WORK TO BE COMPLETED. Repeat the listing that follows character for character, omitting images.

DATA BLOCK.
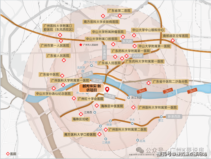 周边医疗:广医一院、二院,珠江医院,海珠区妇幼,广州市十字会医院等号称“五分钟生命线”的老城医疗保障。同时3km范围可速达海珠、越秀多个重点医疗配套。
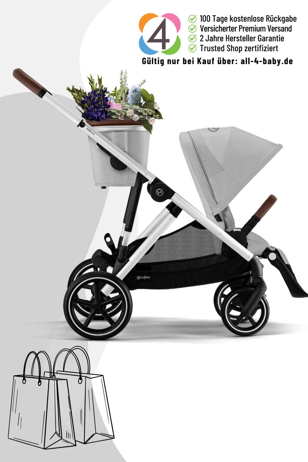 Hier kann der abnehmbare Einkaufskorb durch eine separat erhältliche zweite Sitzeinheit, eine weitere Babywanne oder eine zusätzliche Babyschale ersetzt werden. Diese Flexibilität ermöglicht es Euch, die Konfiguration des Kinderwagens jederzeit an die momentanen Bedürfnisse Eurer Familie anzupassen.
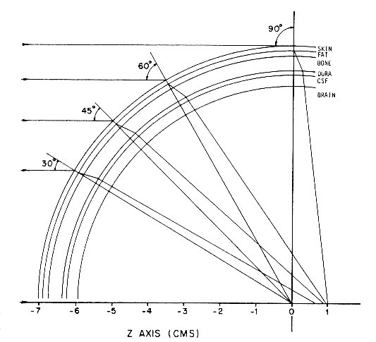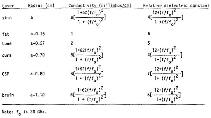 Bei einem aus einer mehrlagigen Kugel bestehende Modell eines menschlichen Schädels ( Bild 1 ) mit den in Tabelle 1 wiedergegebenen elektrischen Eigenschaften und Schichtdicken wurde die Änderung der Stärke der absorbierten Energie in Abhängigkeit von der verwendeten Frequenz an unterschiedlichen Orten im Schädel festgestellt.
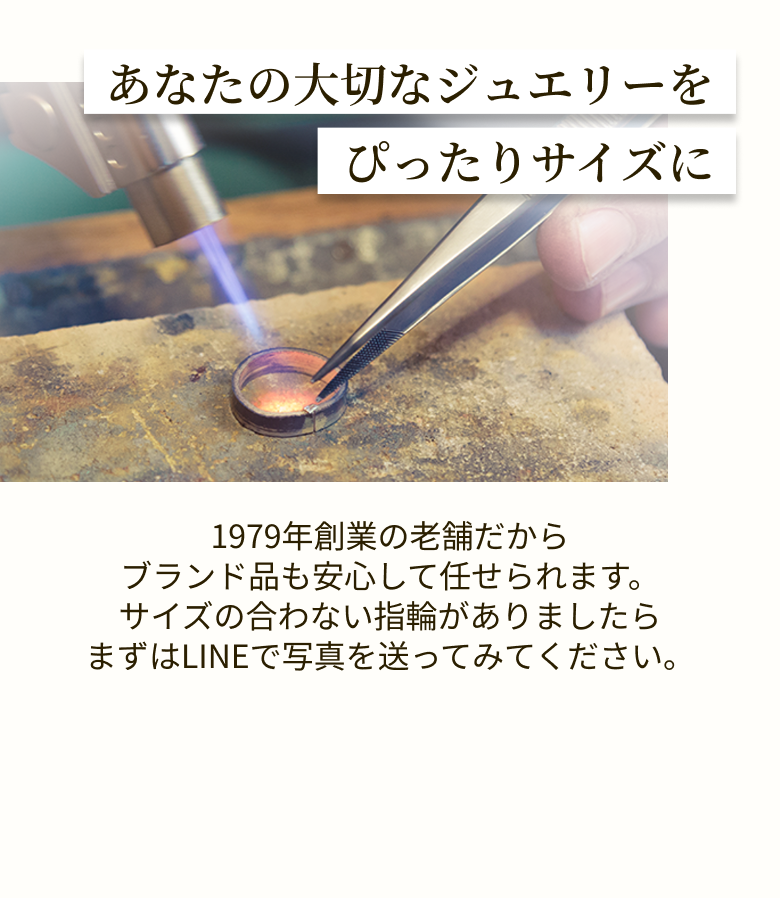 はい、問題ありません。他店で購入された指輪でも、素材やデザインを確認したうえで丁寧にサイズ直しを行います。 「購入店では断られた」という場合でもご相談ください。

ANSWER FOR THIS EXERCISE.
 周边医疗:广医一院、二院,珠江医院,海珠区妇幼,广州市十字会医院等号称“五分钟生命线”的老城医疗保障。同时3km范围可速达海珠、越秀多个重点医疗配套。
 Hier kann der abnehmbare Einkaufskorb durch eine separat erhältliche zweite Sitzeinheit, eine weitere Babywanne oder eine zusätzliche Babyschale ersetzt werden. Diese Flexibilität ermöglicht es Euch, die Konfiguration des Kinderwagens jederzeit an die momentanen Bedürfnisse Eurer Familie anzupassen.
 Bei einem aus einer mehrlagigen Kugel bestehende Modell eines menschlichen Schädels ( Bild 1 ) mit den in Tabelle 1 wiedergegebenen elektrischen Eigenschaften und Schichtdicken wurde die Änderung der Stärke der absorbierten Energie in Abhängigkeit von der verwendeten Frequenz an unterschiedlichen Orten im Schädel festgestellt.
 はい、問題ありません。他店で購入された指輪でも、素材やデザインを確認したうえで丁寧にサイズ直しを行います。 「購入店では断られた」という場合でもご相談ください。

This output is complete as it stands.